# [OS 10.5] Gmail drive pour mon Macbook ?



## bivouak (10 Février 2009)

Salut à tous !

J'ai fait mon switch il y a peu, et viens de se poser à moi le problème du gmail drive.
Sur mon Windows, c'était un disque dur monté et connecté à mon espace gmail.

Mais est ce que ça existe sur Mac ?
Je n'ai pas trouvé la réponse chez Google, c'est peut être que ça n'existe pas.

Etes-vous au courant ?



Merci d'avance !


----------



## marctiger (10 Février 2009)

bivouak a dit:


> Salut à tous !
> 
> J'ai fait mon switch il y a peu, et viens de se poser à moi le problème du gmail drive.
> Sur mon Windows, c'était un disque dur monté et connecté à mon espace gmail.
> ...



Ce ne serait pas de gDisk ton tu veux parler ?

http://gdisk.sourceforge.net/

PS : bienvenue sur MacGé, il n'est pas trop tard, et bravo pour ton Switch.


----------



## pascalformac (10 Février 2009)

attention gdisk est capricieux
( j'ai perdu des fichiers avec ca, pendant un soit disant transfert ca a detruit...l'original et pas fait le transfert)

et il existe plein d'option  qui sont de vraies zones de stockage 
(ce que gmail n'est pas)
certaines gratuites
( les offres entre 1 G et 10 G gratuits abondent)

A noter 
 Google va  sortir son propre disque virtuel pour tous comptes google
( il y a plein d'indices que c'est en élaboration  avancée et pour bientôt)


----------



## marctiger (10 Février 2009)

Hum.. bon à savoir, je l'ai utilisé très peu tout au début, je dois encore y avoir quelques petits tucs sans importance, mais en plus c'était sous Os 9.... Mathusalem quoi.
Qui plus-est j'ai MobileMe et d'autres solutions comme tu dis.


Note du modo : Les solutions de stockage "en ligne", par définition, ça relève d'Internet et réseau, pas d'Applications ! On y va.


----------



## bivouak (24 Février 2009)

marctiger a dit:


> Ce ne serait pas de gDisk ton tu veux parler ?
> 
> http://gdisk.sourceforge.net/
> 
> PS : bienvenue sur MacGé, il n'est pas trop tard, et bravo pour ton Switch.




Merci !

Je viens d'essayer le lien, et il ne fonctionne pas sur mon MAC.
Enfin, il veut créer des labels et se ferme.

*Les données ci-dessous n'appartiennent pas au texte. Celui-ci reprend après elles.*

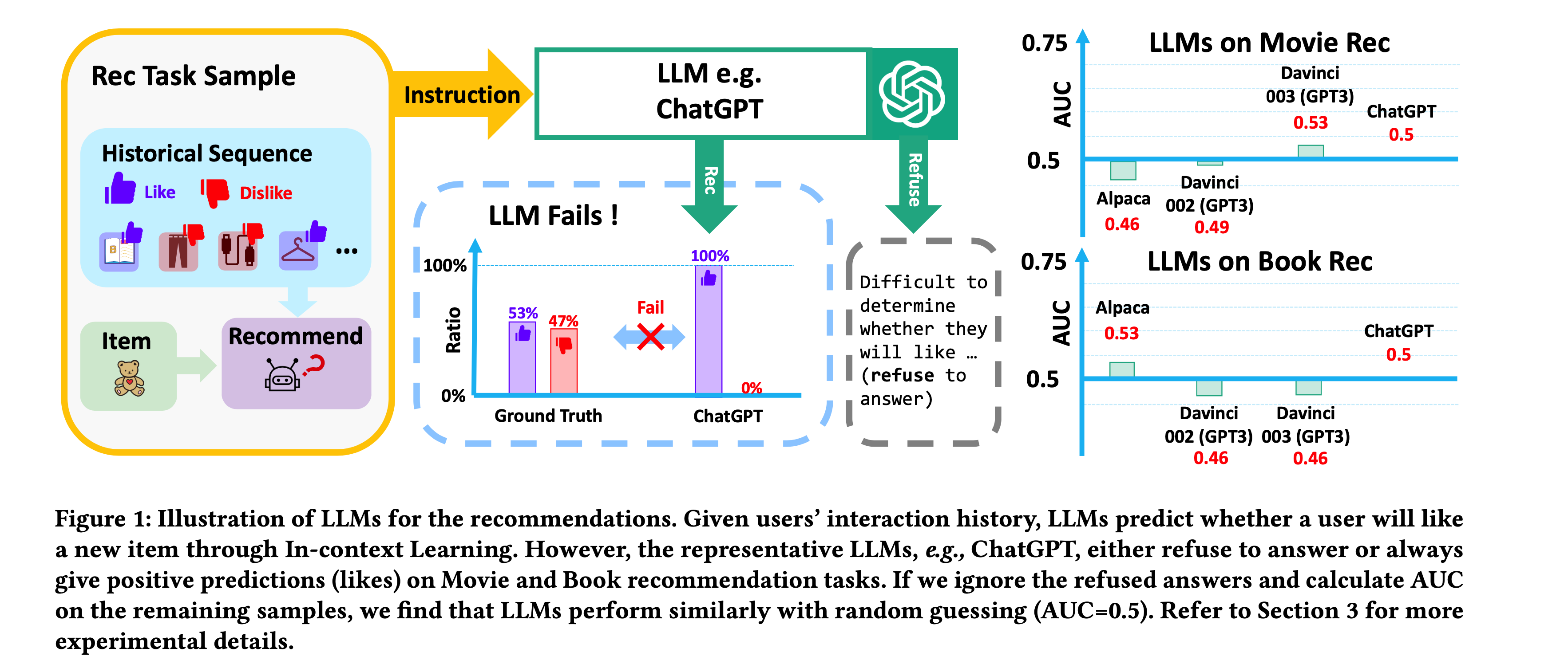 기존의 연구들은 LLM의 추천 시스템에 적용하기 위해 In-context learning 방식을 사용했습니다. 이 방법은 기존 전통적인 추천 모델(CF, MF, LightGCN 등)에서 필터링된 후보 아이템을 LLM이 재정렬 하는 정도의 역할로 사용했었죠. 하지만, 이런 접근 방법은 전통적인 추천 방법과 성능면에서 큰 차이가 없거나, 경우에 따라서는 추천을 거절하거나 항상 긍정적인 답변만 제공하는 형태도 보였습니다(Figure 1).

Cercle vicieux.

En tout cas merci pour les réponses, je vais attendre un peu alors.

ps : Je suis complètement satisfait de mon switch.
Si ma boite n'imposait pas Windows, je n'aurais pas de partition Bootcamp.


----------



## marctiger (24 Février 2009)

bivouak a dit:


> Merci !
> 
> Je viens d'essayer le lien, et il ne fonctionne pas sur mon MAC.
> Enfin, il veut créer des labels et se ferme. Cercle vicieux.
> ...



Essayes le téléchargement direct :

*http://prdownloads.sourceforge.net/gdisk/gDisk-0.6.1.dmg?download*


----------



## bivouak (25 Février 2009)

marctiger a dit:


> Essayes le téléchargement direct :
> 
> *http://prdownloads.sourceforge.net/gdisk/gDisk-0.6.1.dmg?download*




Idem, le problème ne vient pas du DL mais du lancement de l'application.

C'est pas grave, je n'en ai pas super besoin.
Merci quand même !


----------



## pascalformac (25 Février 2009)

te bile pas 
en archive tu verras des fils qui évoquent le projet google-gmail qui s'avance:un authentique  disque virtuel officiel gmail

les traces du truc en état avancé  abondent , ca ne devrait plus tarder


----------



## LaurentR (25 Février 2009)

En attendant, il y a des solutions comme Dropbox (http://www.getdropbox.com) qui proposent 2 Go de stockage gratuit et qui est très bien intégré au finder


----------



## schwebb (26 Février 2009)

LaurentR a dit:


> En attendant, il y a des solutions comme Dropbox (http://www.getdropbox.com) qui proposent 2 Go de stockage gratuit et qui est très bien intégré au finder



Yes, DropBox est un très bon logiciel.

Juste un petit problème, attention à la désinstallation: quand on a mis à la corbeille l'application (selon les instructions du développeur), celle-ci devient inaccessible: plus moyen de l'ouvrir, faut la vider à l'aveugle. J'ai observé exactement le même comportement sur mes deux Mac (iMac blanc mi 2007, MacBook blanc début 2007, les deux sous Leopard).

Donc, avant de jeter, s'assurer qu'on pourra vider sa corbeille à l'aveugle sans risque.

De plus, le développeur donne comme consignes de désinstallation "jeter l'application à la corbeille", mais il oublie ou néglige le dossier DropBox qui s'est créé dans le Finder, et qu'il faut détruire aussi.


----------